Support for geo-locating archival locations, subjects of collected materials, and other elements, to server map-based search interfaces. Examples of map-based discovery interfaces include:

HistoryPin (http://www.historypin.com/),
WhatWasThere (http://www.whatwasthere.com/),

Historvius (http://www.historvius.com/)

Similarly, we see support for event-based retrieval, using timelines or similar devices, as an area in which discovery systems are evolving. Some examples include:

SIMILE, example project timeline for Jewish History http://simile.mit.edu/timeline/examples/religions/jewish-history.html,
Timeline view, Philippine Archives Collection, NARA http://www.archives.gov/research/military/ww2/philippine/timeline.html
Zagora Archaeological Project http://www.powerhousemuseum.com/zagora/timeline/

Analysis Details

We now take a closer look at which elements might drive each function, how the aggregated data fits this purpose both in terms of meeting our thresholds, and how well the content of key elements are fit for purpose.
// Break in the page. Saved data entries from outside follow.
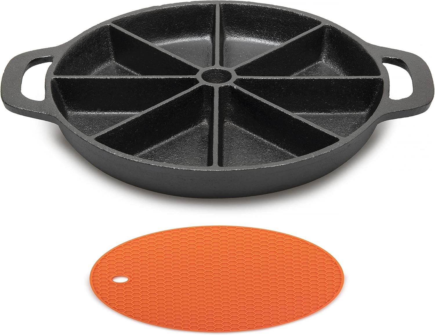 Cornbread Skillet – Bakes 8 Wedges of Crispy Cornbread and Scones – Pre-Seasoned Cast Iron Pan – Double Handles for Ease of Handling – Complete with Round Trivet Mat
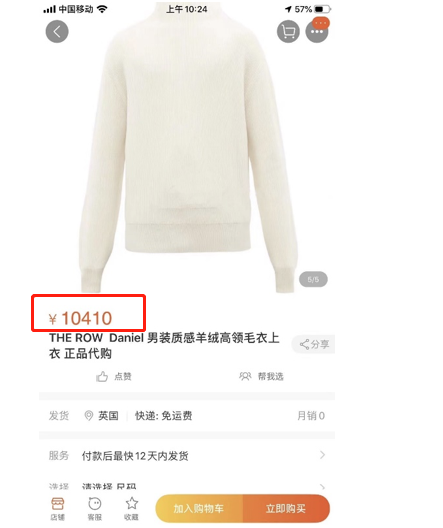 今天这件羊绒毛衣,the row同款,100%羊绒,代购10000+。
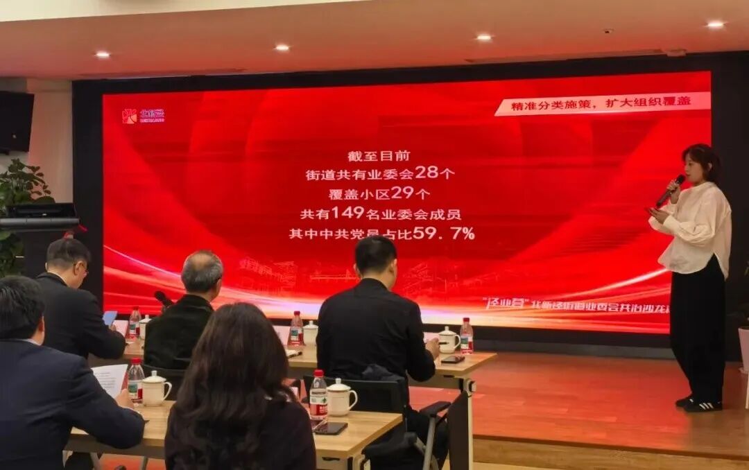 以“泾业荟”成立为契机,首场交流研讨活动于当日举办。活动中,回顾了北新泾街道在推进业委会建设的道路上的和不断探索阶段性成效。过去一年,街道通过制定“一小区一方案”,成立攻坚专班,精准分类施策,扩大组织覆盖,破解了不同小区业委会组建、换届、运转等难题。全年成功新组建2个业委会,推动10余个完成换届,发放备案证11张,实现“组建一个、规范一个、备案一个”。目前,街道共有28个业委会,覆盖29个小区,业委会成员149名,党员占比近60%。
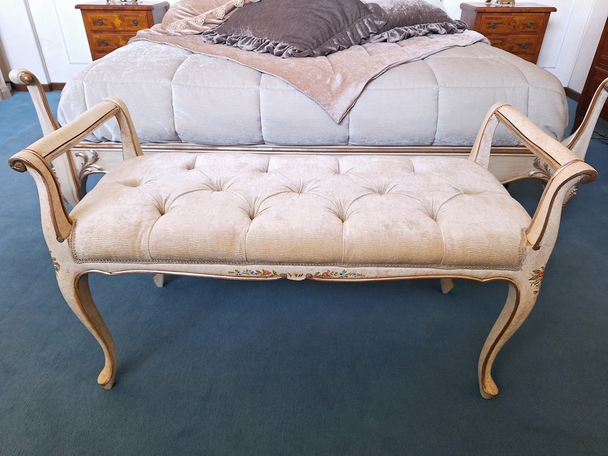 Banco lacado con crema, con decoraciones florales hechas a mano.

With each element, we’ve included a note about how they are used in ArchiveGrid and in other discovery systems.

Date

Our analysis shows use of <unitdate> within the high-level <did> as medium (72.64% — see Table 7); This makes <unitdate> values less than reliable for functions such as sort and limit by. Consider, for example, a scenario where a researcher is interested in material from the Second World War. Filtering by a date range between 1939-1945 will result in only those documents being presented that have a <unitdate> assigned in that period and may lead to the researcher missing potentially relevant documents. Alternatively, only those documents could be excluded that have a date outside of the indicated range. However, with a large amount of EADs missing a <unitdate> field this approach defeats the purpose of filtering.

Investing effort to bring this element closer to high or complete may be warranted; however, to support dimensions beyond just display, the content of the field or contents of the “normal” attribute must be easily parseable. When we look at the content of <unitdate>, we find a wide range of descriptive practices, some of which could pose problems for machine parsing to support use in indexing and retrieval.
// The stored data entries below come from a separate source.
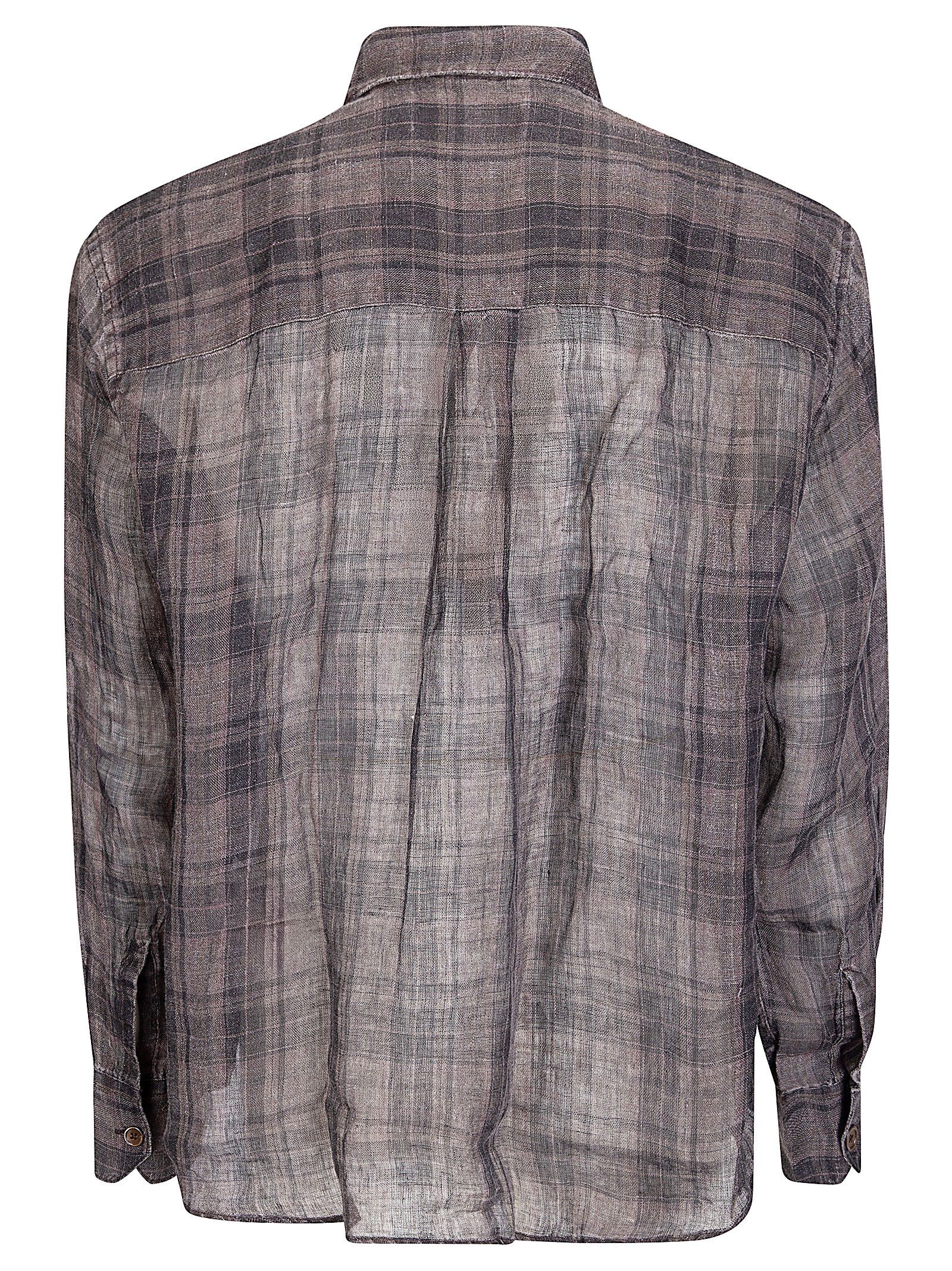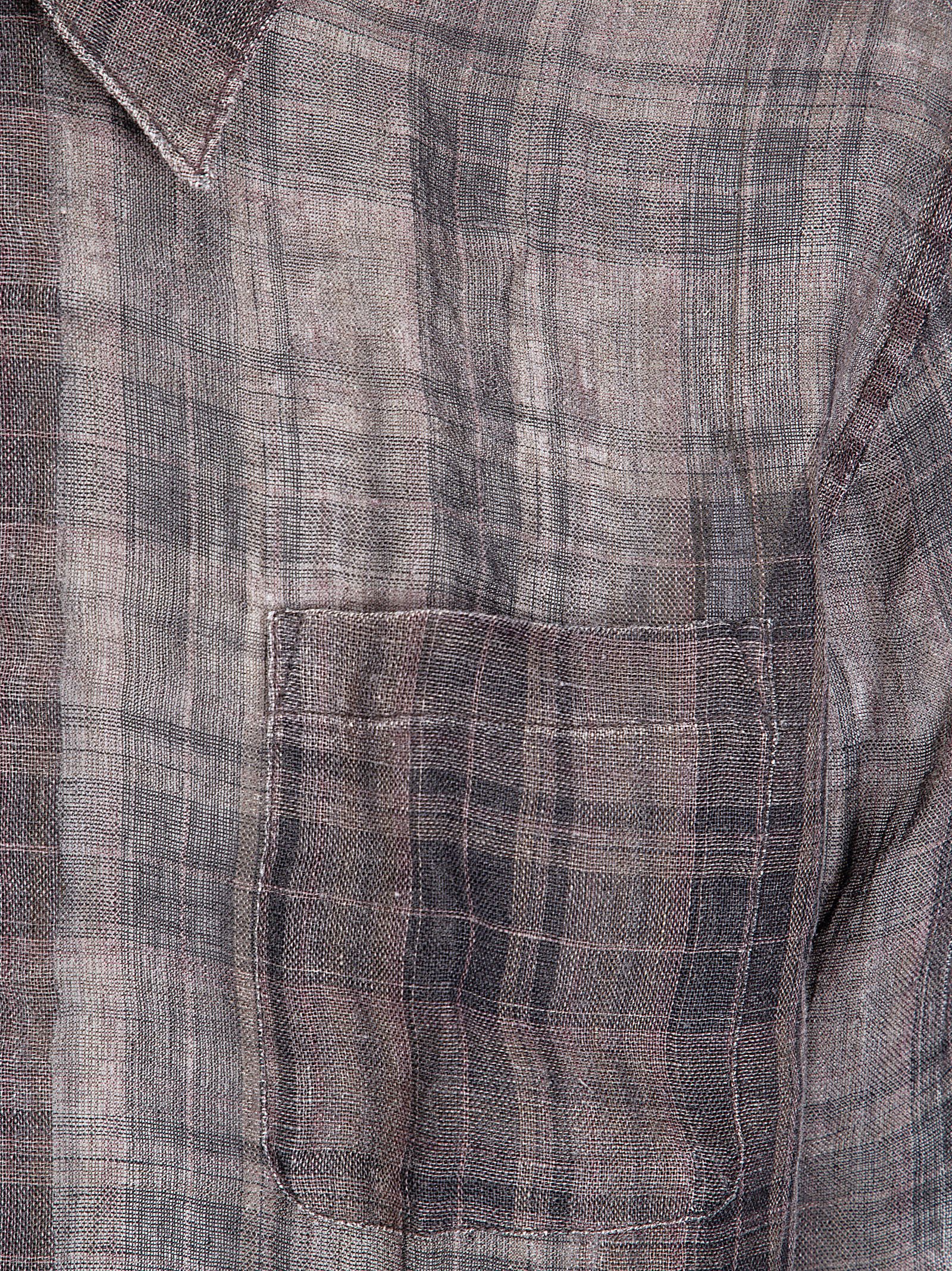 Camicia oversized in lino semi trasparente, colletto regolare, chiusura con bottoni, taschino frontale.
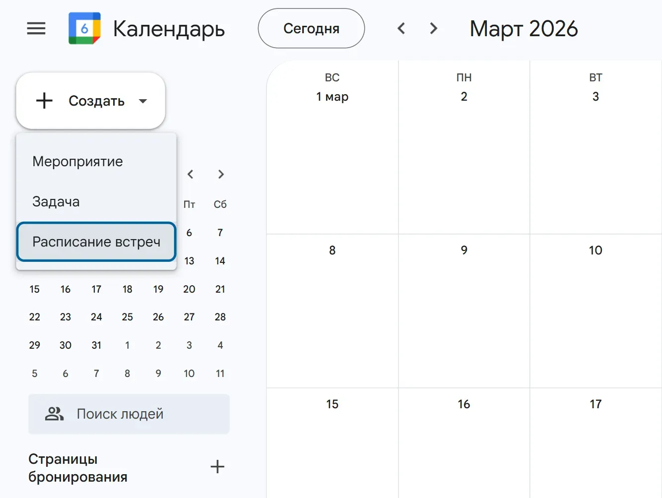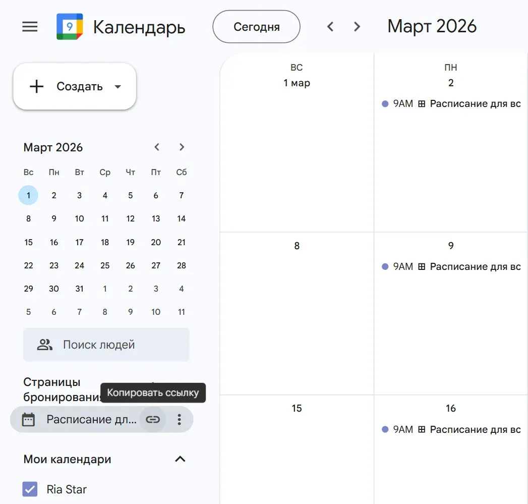Чтобы назначить встречу через Google Календарь, в левом боковом меню ниже «Страницы бронирования» нажмите на значок ссылки возле своего расписание. Скопируйте эту ссылку и отправьте ее собеседнику.
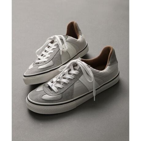 REPRODUCTION OF FOUND (リプロダクション オブ ファウンド) GERMAN MILITARY TRAINER スケート/4700GFSスケートボーディング仕様のモディファイドモデル。1980年代にかけてドイツ軍でトレーニングシューズとして採用されていたスニーカーの通称《ジャーマントレーナー》。アッパーは、イタリアの老舗ファブリックメーカーの高密度ツイルと上質なイタリアンスエードレザー。天然ゴムの含有率85%以上の柔軟なラバーを使用したヴァルカナイズドソールとEVAインソールでグリップ力やクッション性をアップ。ライニングとインソールで使用しているナイロンポリエステル混高機能ファブリック"ドライベスト"は抗菌/通気/吸水速乾/耐久性に優れています。タンと履口に肉厚のパットを入れることでホールド感やパフォーマンス性をアップさせたスケートラインです。【REPRODUCTION OF FOUND /リプロダクション オブ ファウンド】「見つけ出す:FOUND」、「再現する:REPRODUCTION」をコンセプトに、2016年SSシーズンよりスタートしたブランド『REPRODUCTION OF FOUND(リプロダクション オブ ファウンド)』。ミリタリーアイテムを中心に時代を超えた普遍的なアイテムを見つけ出し、現代的に再現させてリリースしています。ミリタリートレーナーシリーズは、1950〜1990年代にかけての数多くの軍用トレーニングシューズを生産していた各国のファクトリーで、ひとつひとつ丁寧にハンドメイドで生産。ロゴやタグには品名・国名・年代を記載し、デザインソースとして明かしています。

Another issue involved in using the <unitdate> field is that it can be used in several places, e.g., on its own in the top level <did> or as a subelement of <unittitle>.

Comparing the usage of <unitdate> in our collection of EAD documents and that of Wisser, we find that it is one of the elements where we see the greatest divergence, i.e., Wisser’s sample shows a usage of <unitdate> in the <did> of 97.00%.

In ArchiveGrid, dates are used in:

search: they are keyword searchable
display: with the collection title (when available) in brief displays

In other Archival Discovery Systems:

search
browse
sort
display

Extent

Our analysis shows use of <extent> within the high-level <did> as medium (70.43% — see Table 8); as with <unitdate>, the content of <extent> is quite varied and does not easily facilitate sorting, with values ranging from “miscellaneous artifacts” to “2 ceramic heads.” The syntax of the <extent> element (with attributes for @encodinganalog, @type, and @unit) does not currently lend itself to structuring data in a way that can be used for sorting without clear guidelines, tools to enforce appropriate encoding, and rigor on the part of institutions; retrospectively refitting to be utilized in sorting could be a daunting challenge for many institutions.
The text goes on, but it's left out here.